Wenn selbst unzweifelhafte Fernsehbilder nicht genügen, empfiehlt der Eishockey-Coach einen Arztbesuch: Ein trotz Videobeweis klar zu Unrecht gegebenes Tor hat bei der Eishockey-Weltmeisterschaft für Aufregung beim US-Team gesorgt. «Ich weiß nicht, was zum Teufel der Kollege da oben gesehen hat. Er hat große Augenprobleme. Ich rate ihm, mal zum Arzt zu gehen», schimpfte US-Trainer John Tortorella über den Videorichter nach dem 2:3 (0:0, 2:0, 0:3) gegen Finnland am Sonntag in Halifax. Der Anschlusstreffer des Vizeweltmeisters zählte, obwohl der Schuss von Ville Koistinen knapp am Pfosten vorbei flog und von der Seite durch das Netz sauste.

«Ich habe es von der Bank aus gesehen», sagte Tortorella, der sich über den finnischen Jubel gewundert hatte. Weder die russischen Schiedsrichter Wjatscheslaw Bulanow und Alexander Poljakow, mit denen auch schon die deutsche Mannschaft unzufrieden war, noch ihre beiden Linienrichter oder der Torrichter hatten das bemerkt. Als Letzter schaute schließlich der Videorichter nicht richtig hin und wurde anschließend folgerichtig vom Eishockey-Weltverband IIHF für den Rest der WM aussortiert.

Blut und Nasenbeinbruch

Der stets gut gekleidete und adrett frisierte Tortorella war außer sich, als auf Tor entschieden wurde. «Ich habe von diesen Horror- Shows im internationalen Eishockey gehört. Jetzt erlebe ich eine. Sie haben beide Mannschaften schon vorher benachteiligt», sagte der sonst bei Tampa Bay Lightning in der National Hockey League beschäftigte Coach, akzeptierte aber die Niederlage als berechtigt.

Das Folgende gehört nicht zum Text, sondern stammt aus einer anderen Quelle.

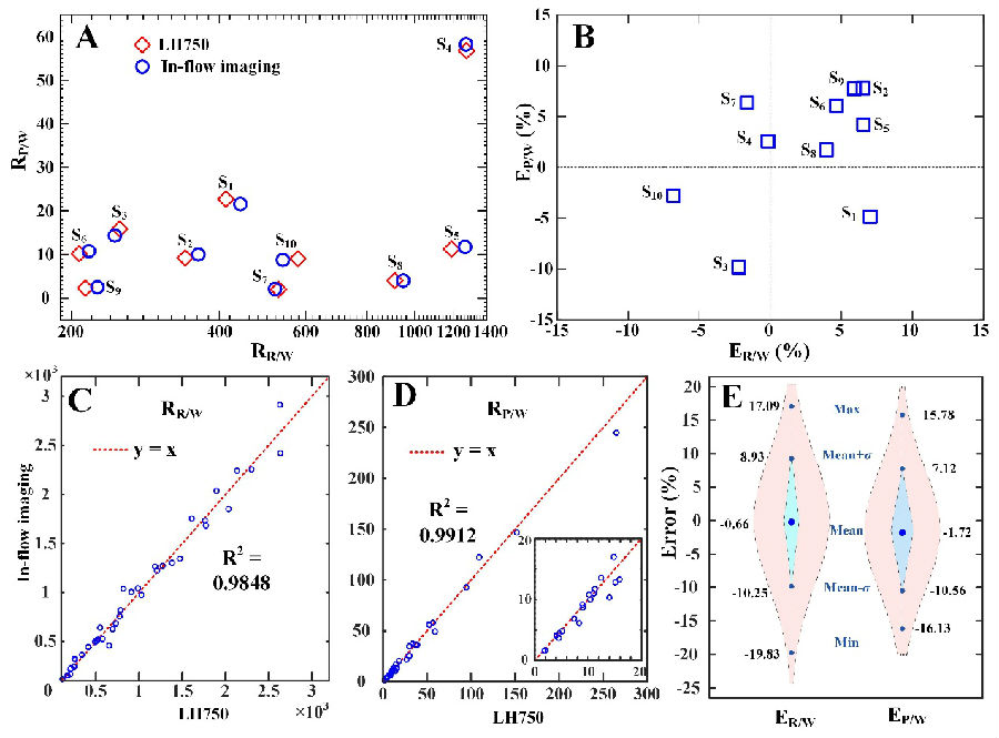 在微流控芯片方面,團隊利用交錯擠壓結構實現(xiàn)細胞單層直線排列,提出基于縮/擴結構的單細胞定點翻轉,仿真分析了寬流速范圍內(出口平均流速50~2000 μm/s)芯片功能的有效性及穩(wěn)定性。在單細胞識別、計數(shù)方面,團隊基于軌跡跟蹤的多角度形態(tài)學關聯(lián)分析方法,成功將單細胞識別平均精度由0.8622提升至0.9934,可有效剔除細胞重疊、聚團導致的誤識、漏識。在系統(tǒng)性能層面,實現(xiàn)測試通量約為8000個細胞/分鐘,樣本濃度一致性極限時長可達1小時。在臨床樣本檢測靈敏度及特異性方面,該研究開展了10例雙盲測試及75例臨床患者的大規(guī)模樣本分析驗證。結果表明,POCT設備與臨床用檢驗設備(血球儀)的細胞子類計數(shù)結果高度一致(R2>0.98),充分驗證了該方法的可行性及POCT設備在血細胞濃度異,F(xiàn)場診斷方面的應用潛力。

Nach der Schlusssirene der äußerst giftig geführten Partie mit 202 Strafminuten, drei Spieldauerdisziplinarstrafen und drei Matchstrafen gab es noch eine Prügelei, bei der sich der Finne Anssi Salmela eine blutige Nase holte. «Er braucht eine gebrochene Nase, um gut Eishockey zu spielen», sagte Finnlands kanadischer Trainer Doug Shedden, dem die Partie gefallen hatte: «Ein bisschen Blut, die Jungs waren angepisst - ein gutes Eishockeyspiel.» Das angebliche Tor wollte Shedden nicht gesehen haben, «aber ich nehme es mit».

Neuauflage möglich

Außer den USA und Finnland, die im Turnierverlauf noch einmal aufeinander treffen könnten, stand auch Titelverteidiger Kanada vor dem letzten Zwischenrundenspiel am Montag als Viertelfinalist in Halifax fest. Die deutsche Mannschaft hatte durch das blamable 1:10 gegen den Rekordweltmeister die Runde der letzten Acht verpasst.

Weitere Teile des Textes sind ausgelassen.